Charles Ellicott Commentary Galatians 1:2

Charles Ellicott Commentary

Galatians 1:2

1819–1905
Anglican
Charles Ellicott
Charles Ellicott

Charles Ellicott Commentary

Galatians 1:2

1819–1905
Anglican
SCRIPTURE

"and all the brethren that are with me, unto the churches of Galatia:" — Galatians 1:2 (ASV)

All the brethren which are with me—that is, all his traveling companions. We are unable to say exactly who these were, especially since we do not know with any certainty the place from where St. Paul was writing. He may have had in his company most of those who are mentioned in Acts 20:4 as accompanying him back into Asia: Sopater, son of Pyrrhus (according to an amended reading); Aristarchus and Secundus, of Thessalonica; Gaius, of Derbe; Tychicus and Trophimus, of Asia; in any case, probably Timothy, and perhaps Titus.

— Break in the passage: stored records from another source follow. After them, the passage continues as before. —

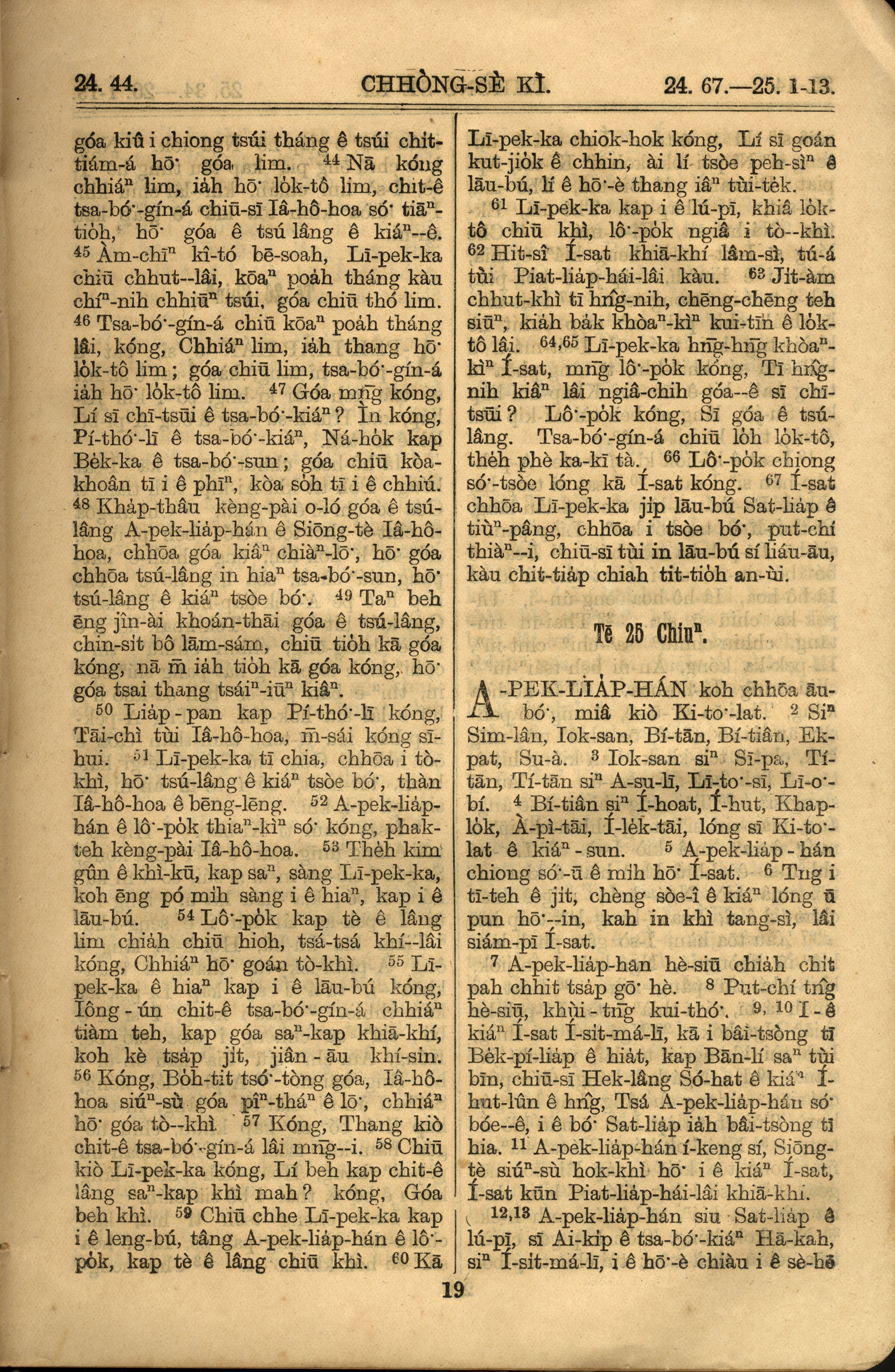 1921年罗马字旧约全书 创世记 24 章 44 节到 25 章 13 节
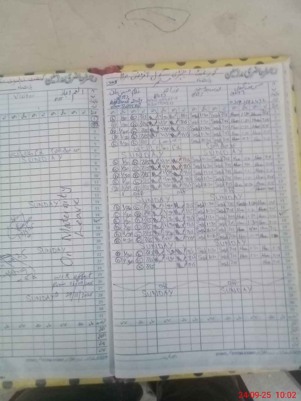 | Leave | Duty | Absent | Maternity | Medical | Ex- Pak |
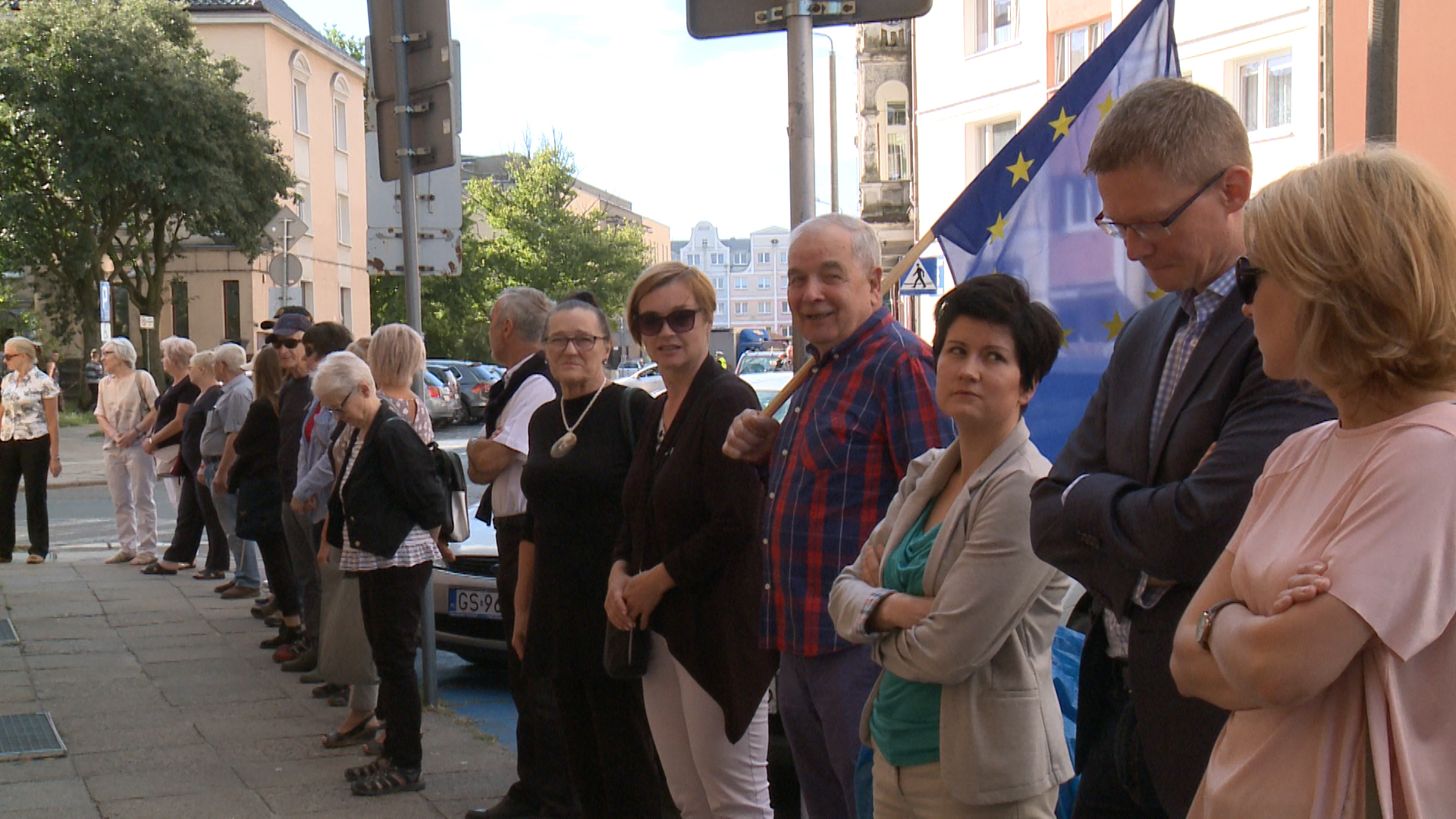 W dniu 4 lipca 2018 roku sędziowie okręgu słupskiego spotykają się przed Sądem Okręgowym w Słupsku, aby wyrazić swoje poparcie dla sędziów Sądu Najwyższego, w tym dla Pierwszej Prezes Sądu Najwyższego pani profesor Małgorzaty Gersdorf – czytała sędzia Joanna Sikora. – Zgromadzenie nasze ma charakter flash mobowy. Sędziowie ubrani na czarno otoczą wraz z innymi uczestnikami budynek Sądu Okręgowego w Słupsku symbolicznym łańcuchem ludzi na 15 minut i staną w milczeniu pragnąc zamanifestować swoje głębokie poparcie dla sędziów Sądu Najwyższego oraz wspierając ich wysiłki mające na celu zapewnienie przestrzegania obowiązującej konstytucji. Organizacje sędziowskie – zarząd Stowarzyszenia Sędziów Polskich „Iustitia”, zarząd Stowarzyszenia Sędziów „Themis”, zarząd Stowarzyszenia Sędziów Rodzinnych „Pro Familia”, zarząd Stowarzyszenia Sędziów Rodzinnych w Polsce – oraz Stowarzyszenie Prokuratorów „Lex superior omnia” wystosowały wspólny apel do środowisk prawniczych z prośbą o obecność w dniach 3 i 4 lipca 2018 roku pod Sądem Najwyższym. Ogromna większość sędziów okręgu słupskiego chciałaby być obecna tego dnia na placu Krasińskich przed Sądem Najwyższym, Część sędziów naszego okręgu miała taka możliwość. Ci jednak, którzy na dzień 3 lipca i 4 lipca mieli wyznaczone sesje orzecznicze nie mieli takiej możliwości. Taką formą wyrażenia swojego poparcia jest udział w akcji flash mobowej w dniu 4 lipca 2018 roku o godzinie ósmej. W tym samym czasie, gdy do budynku Sądu Najwyższego w Warszawie wchodzić będzie Pierwsza Prezes Sądu Najwyższego pani profesor Małgorzata Gersdorf. Dla nas, sędziów, dotychczasowy skład – niezależnie od indywidualnych ocen – był przecież zawsze ważnym elementem budowania zaufania do obowiązującego w Polsce prawa i ośrodkiem w istotny sposób wpływającym na kształtowanie standardów prawnych. Nadal dla nas Sąd Najwyższy jest ostatnią ważna instytucją, która stoi na straży trójpodziału władzy.
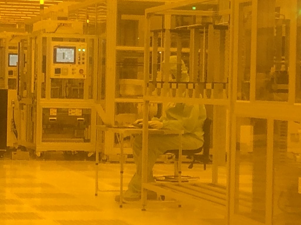 Для производства гибких сенсорных экранов требуются особенные условия. В помещении пятый уровень чистоты. То есть не более 29 частиц на квадратный метр. Стерильность выше, чем в операционной. Здесь также используется специальное желтое освещение, потому что большинство электронных элементов и химических реакций слишком чувствительны и попросту будут испорчены, если применять обычный свет.
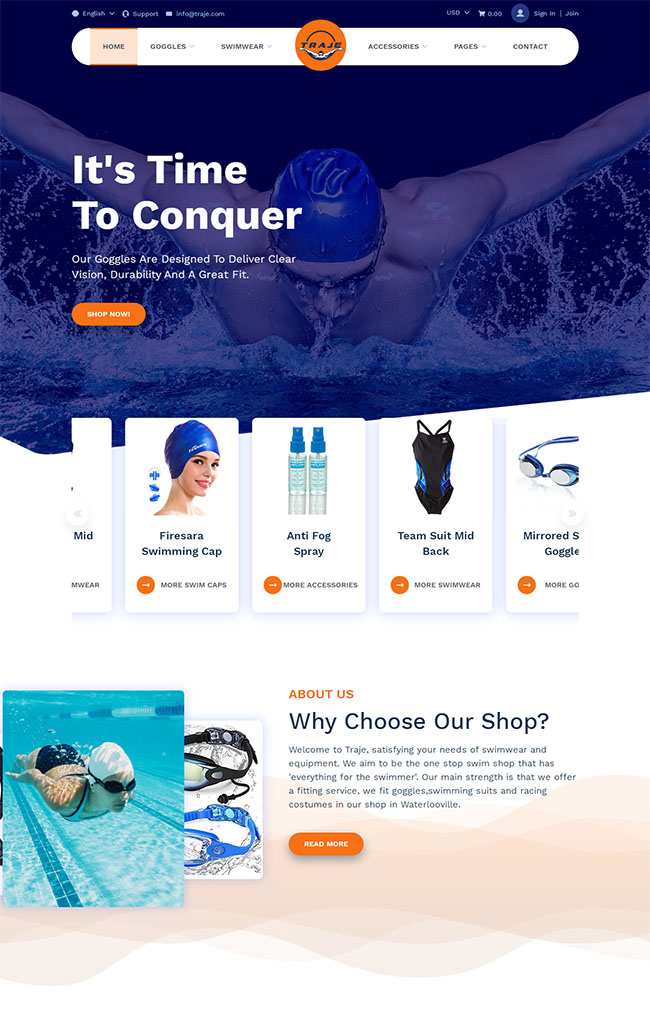 游泳用品商店HTML5网站模板
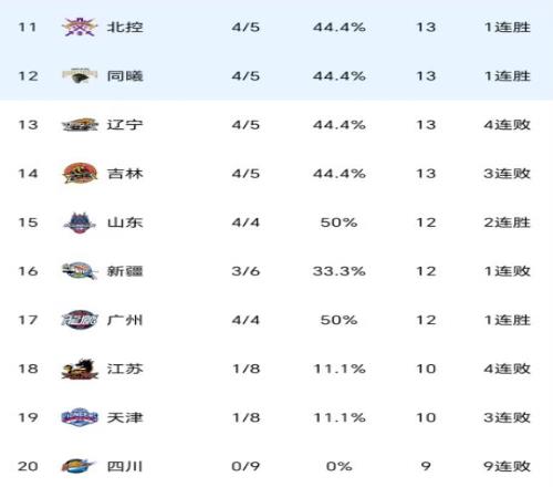 此外,昔日总冠军辽宁队遭遇一波4连败之后,排名跌至第十,此前一度高居第三位,上赛季常规赛第二的山西队,同样遭遇4连败,不过排名位列第七。

It was usual for St. Paul to join with his own name that of one or another of his companions in the address of his Epistles. Thus, in the First Epistle to the Corinthians he associates Sosthenes with himself; in the Second Epistle to Corinth, and in those to the Philippians and Colossians, Timothy and Silvanus. In writing to the Galatians, St. Paul includes all his companions in his greeting, hardly with the intention of fortifying himself with their authority, for he is quite ready to take the whole defense of his own cause upon himself, but perhaps not entirely without the idea that he possessed their sympathy.

The churches of Galatia.—See the Introduction to this Epistle.

This opening salutation is intentionally abrupt and bare. Usually it was the Apostle’s custom to begin with words of commendation. He praises all that he can find to praise even in a Church that had offended so seriously as the Corinthians. (See 1 Corinthians 1:2; 1 Corinthians 1:4–7.) But the errors of the Galatians, he feels, go more to the root of things. The Corinthians had failed in the practical application of Christian principles; the Galatians (so far as they listened to their Judaizing teachers) could hardly be said to have Christian principles at all. The Apostle is angry with them with a righteous indignation, and his anger is seen in the naked severity of this address.